See below the text of my letter criticizing the thesis proposed by J. Gorraiz, the author of the paper, who is affiliated with the University of Vienna.
J. Gorraiz’s recently published paper presents a conceptually stimulating and metaphor-laden examination of the ideological foundations of bibliometrics, tracing their origins to religious, moral, and philosophical traditions. While such a reflective approach is thought-provoking, the paper suffers from several substantive limitations—particularly when read in light of ongoing debates surrounding the practical utility, cost-efficiency, and predictive power of bibliometric tools in research evaluation.
The paper’s central thesis—that bibliometrics derive from religious and philosophical traditions—is built on an extended metaphorical scaffolding.
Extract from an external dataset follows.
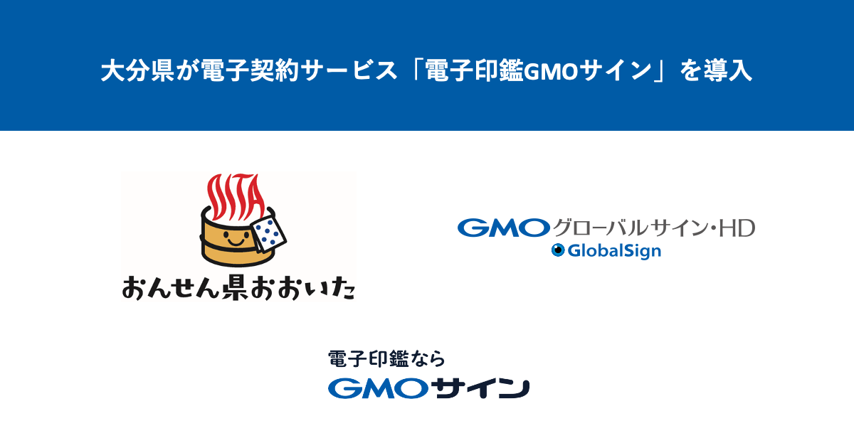 GMOグローバルサイン・ホールディングス株式会社(代表取締役社長:青山 満 以下、GMOグローバルサイン・HD)は、自社が開発・提供する電子契約サービス「電子印鑑GMOサイン」が、大分県(知事:広瀬 勝貞)に導入され、2022年9月より正式な運用開始が決定したことをお知らせいたします。なお、大分県内の自治体における電子契約の正式な導入発表は他に例がなく、今回が初となります。

Citations are likened to divine judgment, H-indexes to spiritual tallies, and “sleeping beauties” to secular miracles. While these metaphors may have rhetorical appeal, they ultimately distract from more pressing empirical and methodological issues. There is no engagement with recent literature on field-normalized citation metrics, responsible metric frameworks (such as the Leiden Manifesto or DORA), or citation dynamics in different disciplines. Nor does the paper propose concrete methodological or policy alternatives. The result is a text rich in allegory but impoverished in evidence, leaving readers without clear guidance for improving bibliometric practice.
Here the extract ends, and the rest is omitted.